[Start of Attachment]

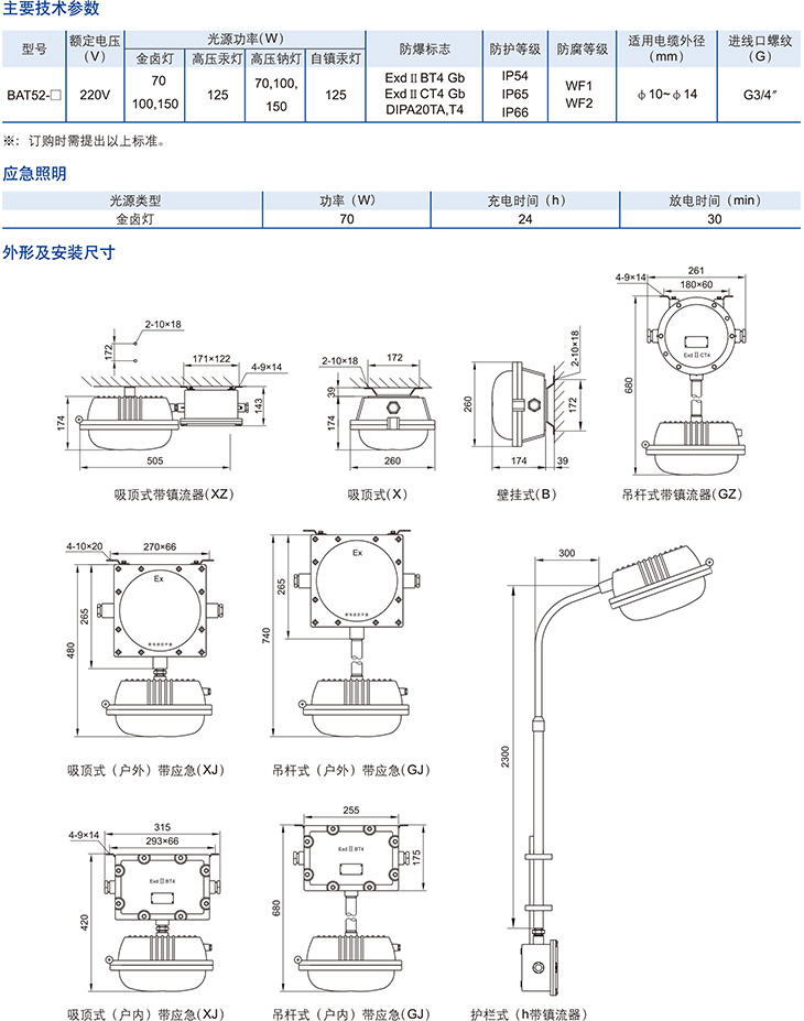 BAT52系列防爆强光泛光灯(ⅡB、ⅡC、DIP)
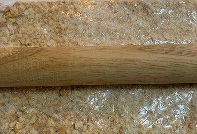 5.用棒棒打平,让花生和糖完全结合并研磨。
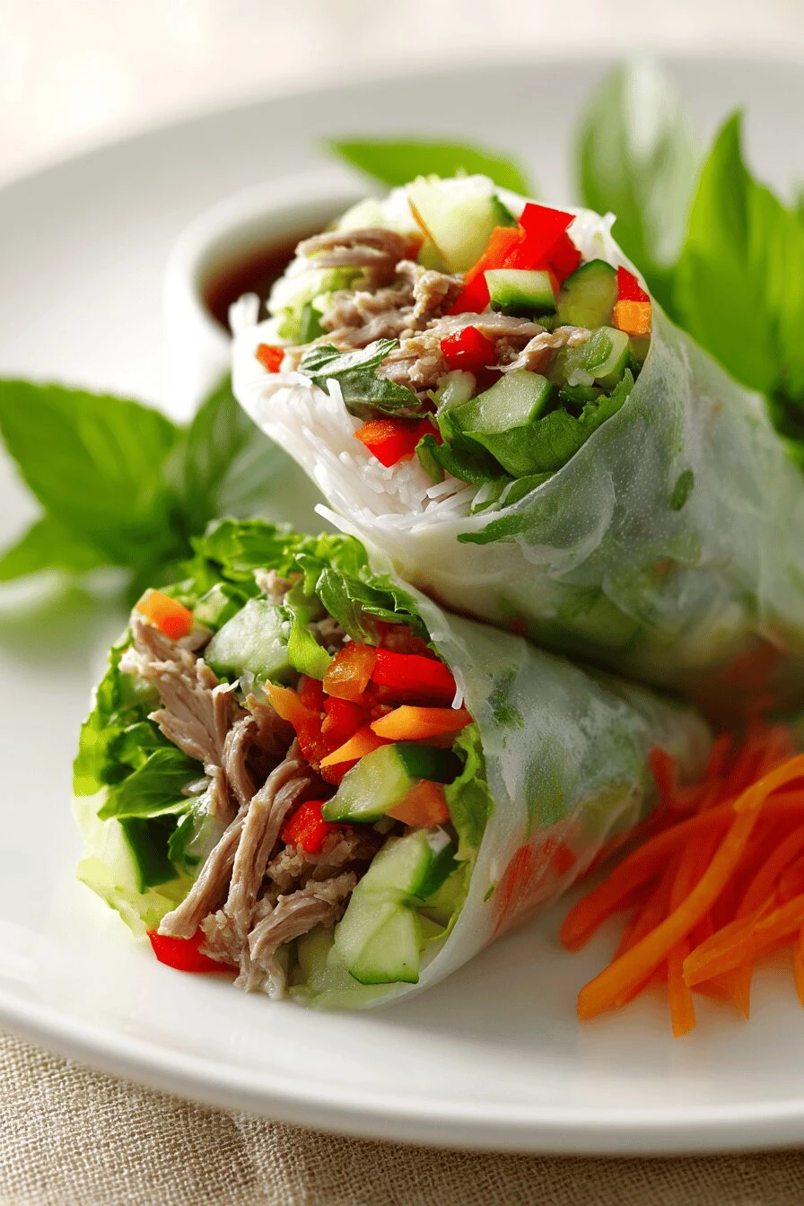 Can you make the duck confit filling ahead? Absolutely. Shred the duck, keep it in a container, make the rolls when you’re ready. Filling lasts three days in the fridge. Just bring it to room temperature before rolling or it’ll tear the paper.
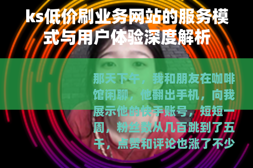 那天下午,我和朋友在咖啡馆闲聊,他翻出手机,向我展示他的快手账号,短短一周,粉丝数从几百跳到了五千,点赞和评论也涨了不少,我好奇地问他是怎么做到的,他压低声音说:“找了个便宜的刷业务网站,效果还行。” 那是我第一次听说“ks低价刷业务网站”,这个听起来略带神秘感的词,让我萌生了深入了解的念头,作为一个长期观察社交媒体生态的人,我意识到这背后可能隐藏着一个值得关注的市场现象,于是开始了一段非正式的调研。
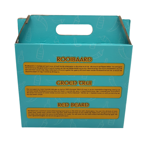 Rooibaard (Red Beard) 375ml Basting Sauce is a premium handcrafted basting braai sauce, or as we like to call it, "Boere Gravy". You use it for all kinds of meat; steak, lamb, chicken, pork, venison and even on your porridge.
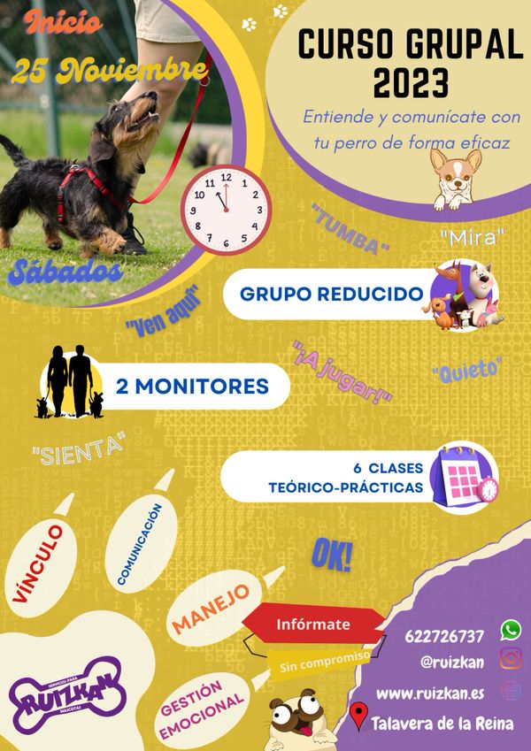El objetivo de estas clases es que aprendáis a establecer una relación sana, fuerte y divertida con vuestro perro a través de diferentes rutinas, actividades y ejercicios. Entre otras cosas, os enseñaremos a fortalecer vuestro vínculo, a crear una comunicación eficaz, a ser su foco de atención, y a divertiros con él.
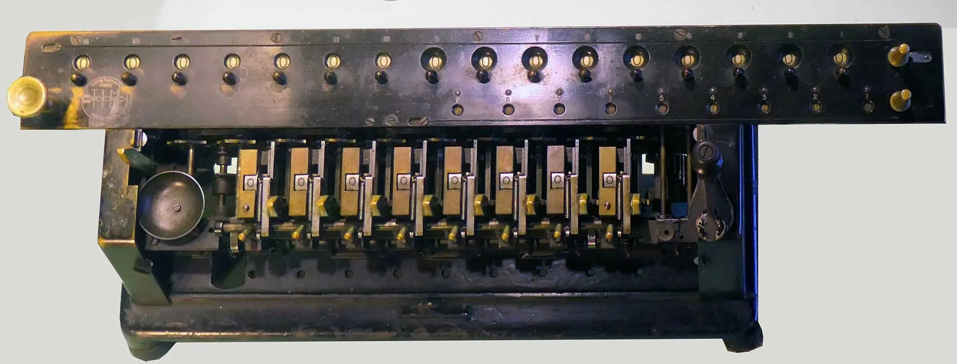 Offene Vier-Spezies-Staffelwalzenmaschine mit Schieber und Kurbel. Es ist eine 8 x 9 x 16-Maschine. TIM steht für Time Is Money.
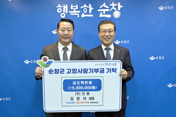 순창군은 15일 ㈜건화 김문석 대표이사가 순창군에 고향사랑기부금 500만원을 기탁했다고 밝혔다.
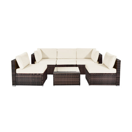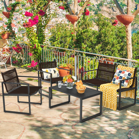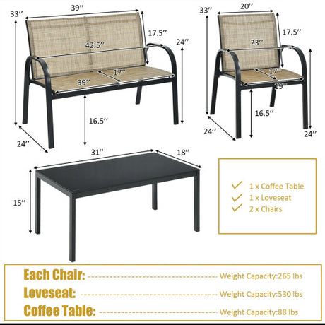 4 Pieces Patio Furniture Set with Glass Top Coffee Table-Brown
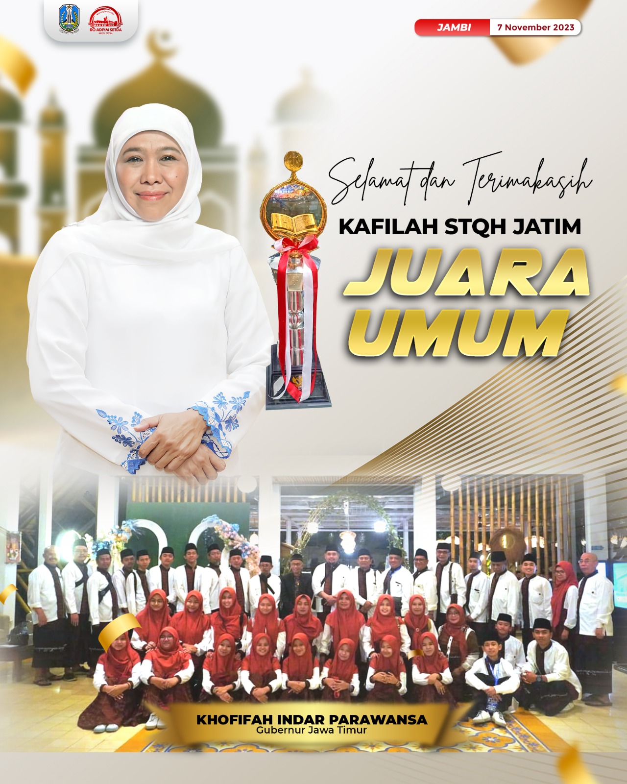 Kafilah Jawa Timur berhasil menorehkan prestasi sebagai Juara Umum dalam Seleksi Tilawatil Qur’an dan Musabaqah Al-Hadist (STQH) Tingkat Nasional XXVII yang digelar di Jambi pada 29 Oktober – 7 November 2023.
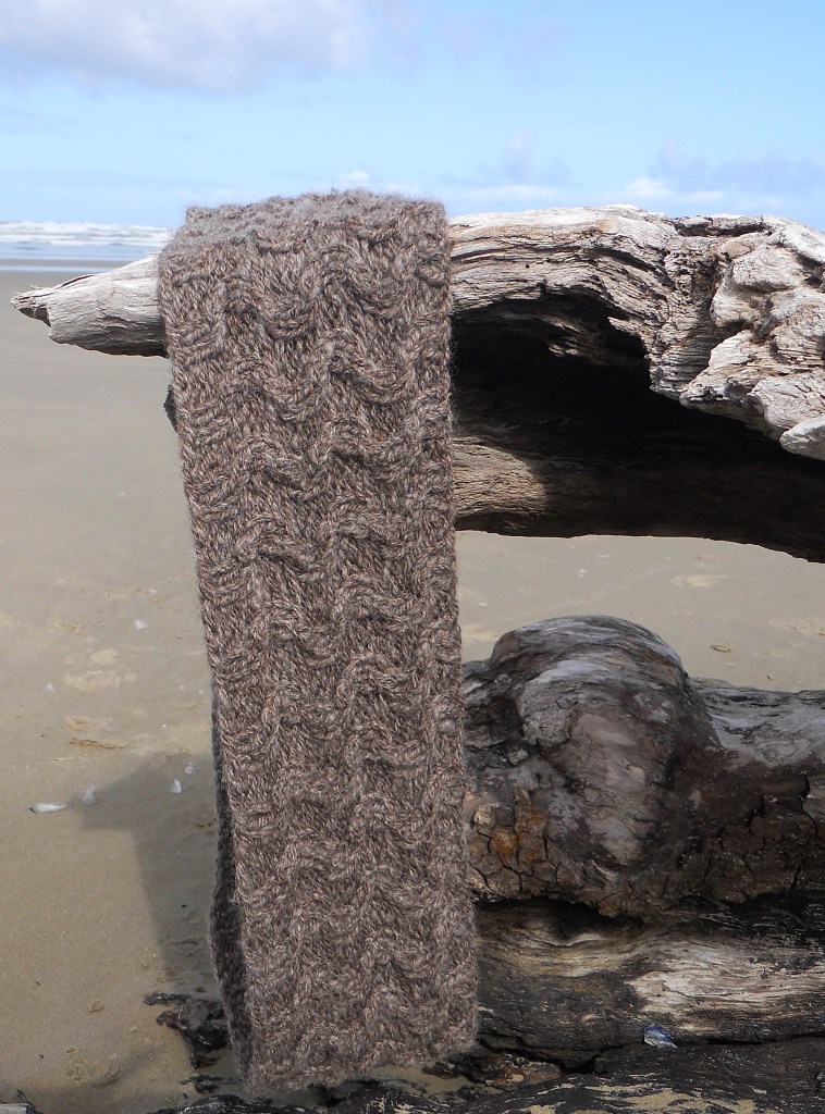 When I returned to Gleneden Beach the following February to photograph the Salishan Cowl for the completed pattern, I was reminded again why this place had inspired this design. The organic, curved shapes were everywhere, from the clouds in the sky to the patterns in the sand.

[End of Attachment]

▶ Exercise description:
Reproduce verbatim the opening line of the material and every line after it, up to and including the line with "Can you make", but no pictures.

▶ Exercise result:
 BAT52系列防爆强光泛光灯(ⅡB、ⅡC、DIP)
 5.用棒棒打平,让花生和糖完全结合并研磨。
 Can you make the duck confit filling ahead? Absolutely. Shred the duck, keep it in a container, make the rolls when you’re ready. Filling lasts three days in the fridge. Just bring it to room temperature before rolling or it’ll tear the paper.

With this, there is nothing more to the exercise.